• HOW TO COMPLETE THIS TASK: Begin at the line below that has "Church of Untermeilingen 2006" and stop after the line that has "mean difference 2". Please restate only those lines, word for word.

Start of DATA FOR THIS TASK

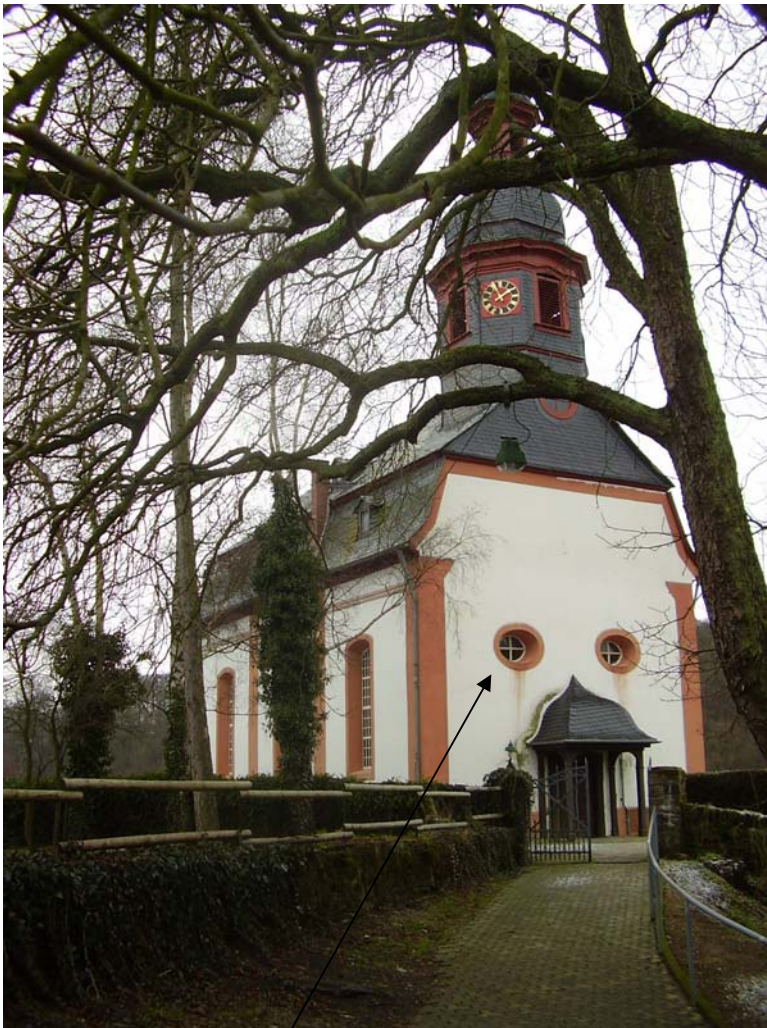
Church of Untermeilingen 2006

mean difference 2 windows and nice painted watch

End of DATA FOR THIS TASK
Start of DATA FOR THIS TASK

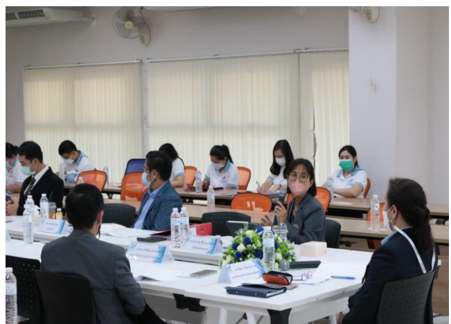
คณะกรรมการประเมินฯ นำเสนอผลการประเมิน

End of DATA FOR THIS TASK
Start of DATA FOR THIS TASK

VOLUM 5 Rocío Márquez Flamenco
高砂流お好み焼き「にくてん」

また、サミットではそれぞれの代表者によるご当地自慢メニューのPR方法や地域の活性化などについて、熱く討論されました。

End of DATA FOR THIS TASK

• FINISHED EXERCISE:
Church of Untermeilingen 2006

mean difference 2 windows and nice painted watch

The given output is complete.